= Peter Brinson =

British writer (1920–1995)

Peter Neilson Brinson (6 March 1920 – 7 April 1995) was a British writer and lecturer on dance. At various times he was a film-maker, writer, and academic, and did much to raise the profile of dance education in Britain and elsewhere.

==Biography==
Peter Neilson Brinson, who was born in Llandudno, Wales, on 6 March 1920, was educated at Denstone College, Staffordshire, and then studied Philosophy, Politics and Economics (PPE) at Keble College, Oxford. He matriculated at the University of Oxford in 1938, but did not graduate until 1948, as he served in the Royal Armoured Corps during the Second World War, reaching the rank of captain; he was a tank commander with Montgomery at the Battle of El Alamein. Immediately post-war he served with the 3rd Kings Own Hussars in Palestine as a Major. After leaving Oxford, he worked for the London Film Centre, writing film scripts and carrying out research. His involvement with ballet dated from his time at the centre. In 1952, The Black Swan, which he wrote and produced and which starred Beryl Grey and John Field from the Royal Ballet, was the first ballet film to use stereoscope.

In 1964 Brinson set up "Ballet for All", a small touring group of the Royal Ballet companies, which performed widely across the country to introduce ballet to many people of all ages. The performances were theme-based demonstrations performed in costume, including titles such as The Birth of the Royal Ballet and Two Coppelias. There were on average 150 performances per year reaching around 70,000 people. "Ballet for All" closed in 1979. In 1970 he published, with Clement Crisp, a book also titled Ballet for All and he made seven programmes on video based on his original scripts.

He was linked to the work of the London School of Contemporary Dance, as his interests were wider than ballet. He went on to become director of the Royal Academy of Dancing (1968) and director of the UK and Commonwealth branch of the Calouste Gulbenkian Foundation from 1972 to 1992, continuing his work in promoting the arts. He was an academic at York University, Toronto, and the Laban Centre for Movement and Dance at Goldsmiths' College, London, and his work also led to the foundation of the first chair of dance studies at a British university, at the University of Surrey, from whom he received an honorary Doctorate of the University in 1994. He has been credited as "playing a leading role in transforming the nature and status of dance education in Britain and many other parts of the world."

Brinson wrote for a number of publications about dance, and wrote several books; he also wrote on the themes of art and public policy.
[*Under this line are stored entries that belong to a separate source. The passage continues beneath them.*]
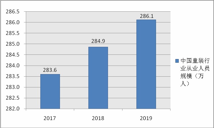 2017-2019年中国童装行业从业人员规模呈逐年增长趋势,2017年从业人员数量为283.6万人,到2019年底中国童装行业从业人员数量规模已经达到约286.1万人的水平。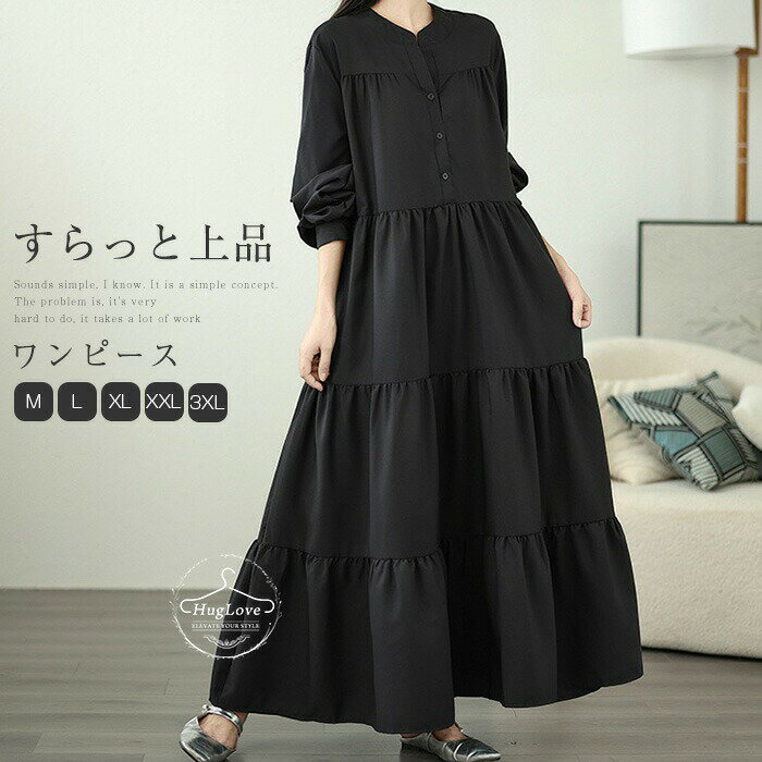 ロングワンピース ティアード レディース マキシワンピース マキシワンピ 長袖 ワンピース ロング丈 大きいサイズ 体型カバー ゆったり カジュアル 大人 着痩せ 30代 40..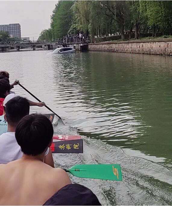 4月21日上午,在苏州工业园区独墅湖医院附近,一辆汽车掉进了河里,车主爬上车顶求救,危急时刻,正在河道里进行周末日常训练的我校龙舟队冲过来成功救起被困车主。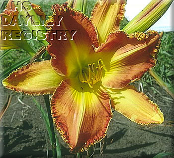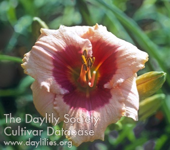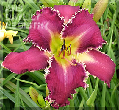| Description : regally tall, electric purple with very large white shark's teeth with a green over yellow throat | |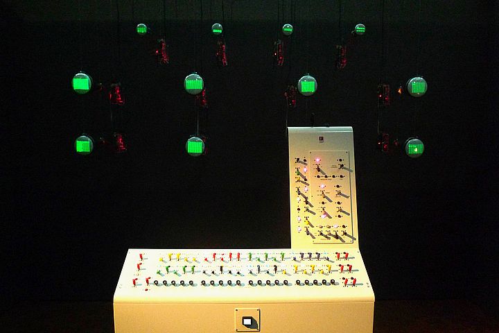 Bei der historischen Mark I wurden Befehle zwar noch von Lochstreifen eingelesen, als Hauptspeicher traten jedoch erstmals Fernsehröhren in Erscheinung. So ist auch das Werk von Link geprägt von grün schimmernden Röhren und einem altmodisch anmutenden Bedienpult.

He was a freelance writer for The Times and for magazines specialising in dance from 1952 onwards, He co-authored The Choreographic Art (1963) with a future director of the Australian Ballet, Peggy van Praagh. Influential reports he commissioned at the Gulbenkian Foundation included The Arts Britain Ignores (1976) by Naseem Khan. and The Arts in Schools (1982), edited by Ken Robinson (educationalist).

Brinson developed myelofibrosis, and after being diagnosed in 1988 he required numerous blood transfusions – although he made the most of the time these took, and used the time to read and write without interruptions. He died on 7 April 1995.

==Archives==
Peter Brinson left his professional papers to the Laban Archive held at Trinity Laban Conservatoire of Music and Dance.